STORED DATA:
=== Section Start ===
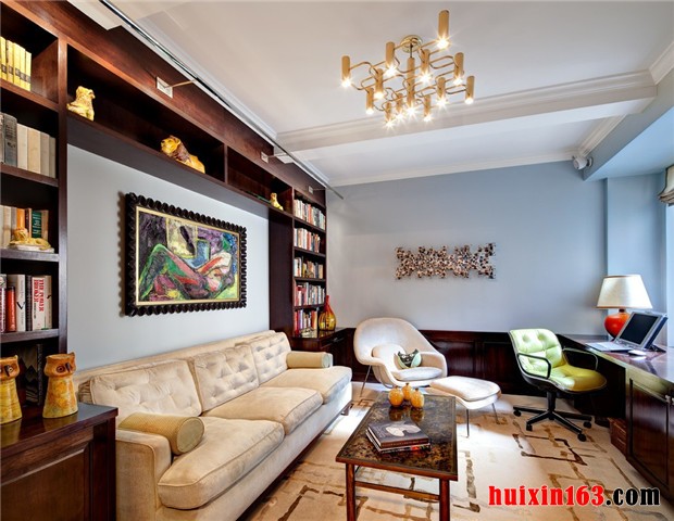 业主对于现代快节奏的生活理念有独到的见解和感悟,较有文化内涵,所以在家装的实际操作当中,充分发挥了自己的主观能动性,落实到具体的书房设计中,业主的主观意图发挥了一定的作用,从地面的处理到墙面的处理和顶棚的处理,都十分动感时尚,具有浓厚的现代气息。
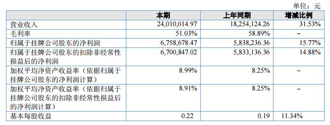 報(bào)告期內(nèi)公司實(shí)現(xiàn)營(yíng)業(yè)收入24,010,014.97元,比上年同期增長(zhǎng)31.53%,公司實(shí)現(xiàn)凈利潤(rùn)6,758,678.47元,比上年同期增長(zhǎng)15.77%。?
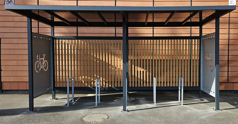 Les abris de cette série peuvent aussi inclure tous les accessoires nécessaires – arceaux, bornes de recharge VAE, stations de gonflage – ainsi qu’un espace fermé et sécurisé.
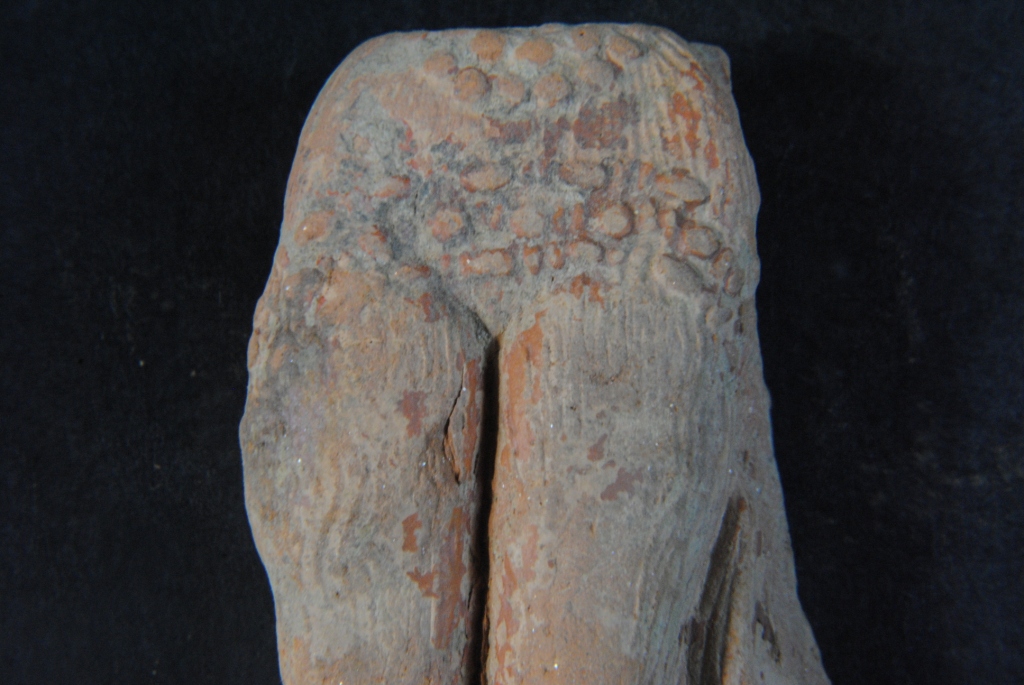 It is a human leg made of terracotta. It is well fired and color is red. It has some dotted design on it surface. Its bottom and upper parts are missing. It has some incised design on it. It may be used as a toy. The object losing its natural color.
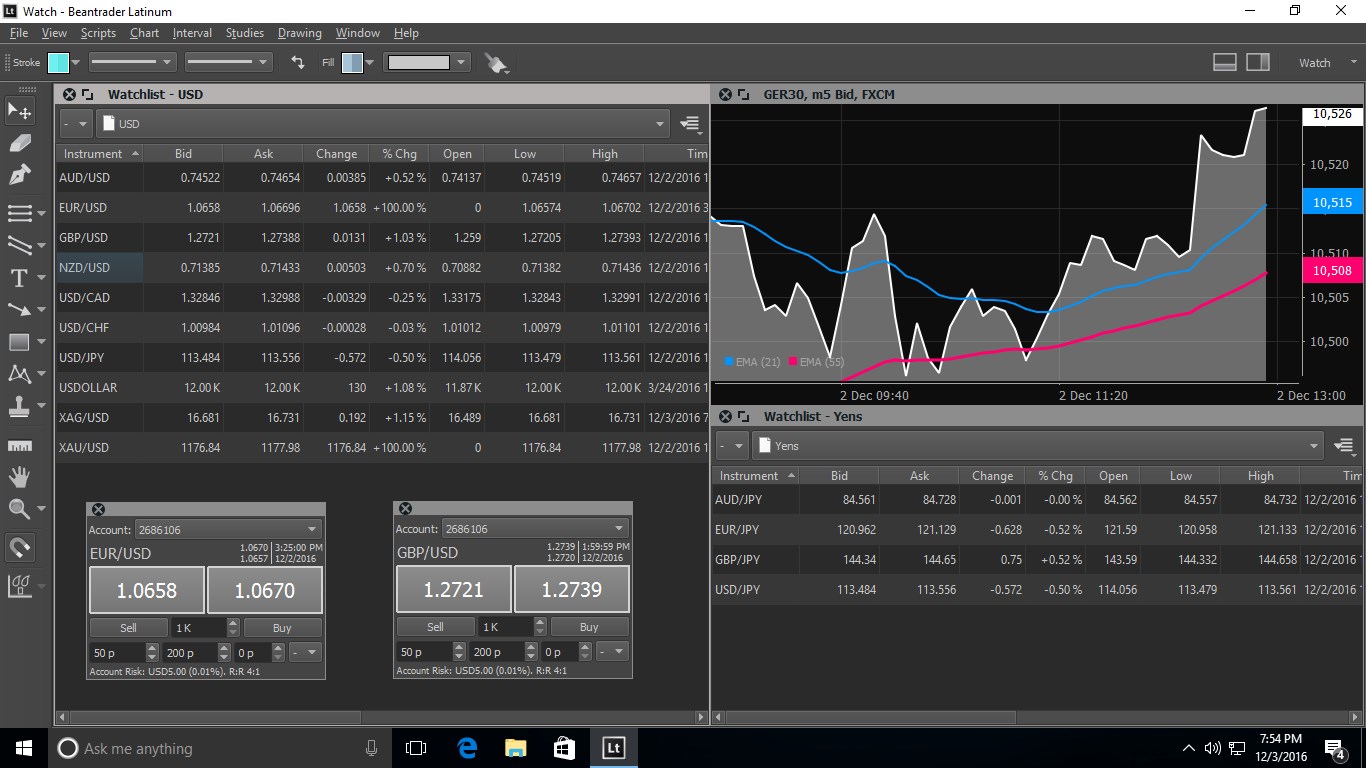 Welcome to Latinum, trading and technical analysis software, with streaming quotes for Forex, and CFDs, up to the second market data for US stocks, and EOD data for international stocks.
=== Section End ===
=== Section Start ===
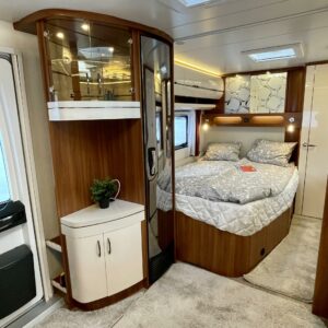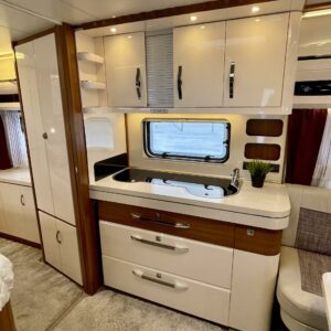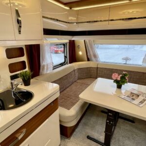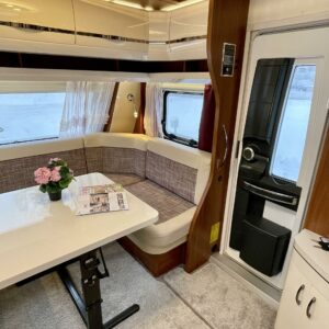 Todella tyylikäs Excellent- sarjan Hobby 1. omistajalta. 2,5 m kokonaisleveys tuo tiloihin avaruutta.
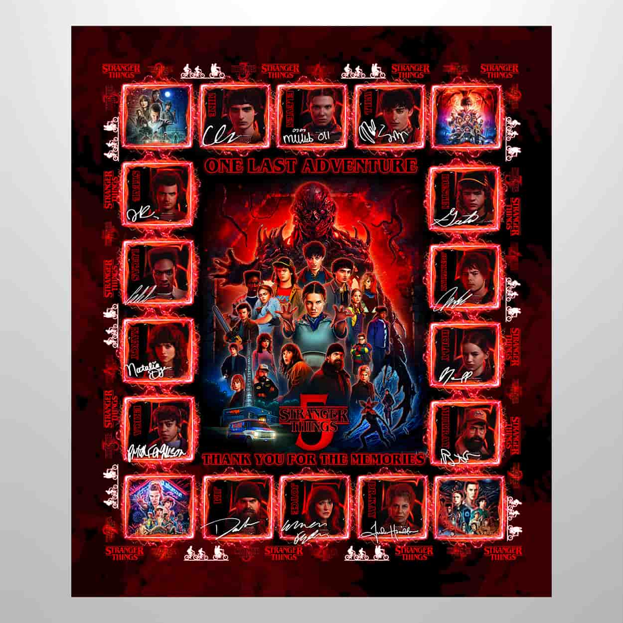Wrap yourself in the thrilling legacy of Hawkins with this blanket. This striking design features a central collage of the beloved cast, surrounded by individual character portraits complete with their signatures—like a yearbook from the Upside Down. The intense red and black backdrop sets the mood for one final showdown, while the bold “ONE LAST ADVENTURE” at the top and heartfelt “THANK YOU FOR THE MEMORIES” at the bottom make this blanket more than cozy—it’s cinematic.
=== Section End ===
=== Section Start ===
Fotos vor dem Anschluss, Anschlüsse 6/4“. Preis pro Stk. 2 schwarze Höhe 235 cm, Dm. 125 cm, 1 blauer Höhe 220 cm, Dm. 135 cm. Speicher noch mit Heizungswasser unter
=== Section End ===
REQUIRED WORK: In the listing above, find the line with "业主对于现代快节奏的生活理念" and the line with "It is a human". Copy exactly those two and every line between, without the pictures.

WRITTEN REPLY:
 业主对于现代快节奏的生活理念有独到的见解和感悟,较有文化内涵,所以在家装的实际操作当中,充分发挥了自己的主观能动性,落实到具体的书房设计中,业主的主观意图发挥了一定的作用,从地面的处理到墙面的处理和顶棚的处理,都十分动感时尚,具有浓厚的现代气息。
 報(bào)告期內(nèi)公司實(shí)現(xiàn)營(yíng)業(yè)收入24,010,014.97元,比上年同期增長(zhǎng)31.53%,公司實(shí)現(xiàn)凈利潤(rùn)6,758,678.47元,比上年同期增長(zhǎng)15.77%。?
 Les abris de cette série peuvent aussi inclure tous les accessoires nécessaires – arceaux, bornes de recharge VAE, stations de gonflage – ainsi qu’un espace fermé et sécurisé.
 It is a human leg made of terracotta. It is well fired and color is red. It has some dotted design on it surface. Its bottom and upper parts are missing. It has some incised design on it. It may be used as a toy. The object losing its natural color.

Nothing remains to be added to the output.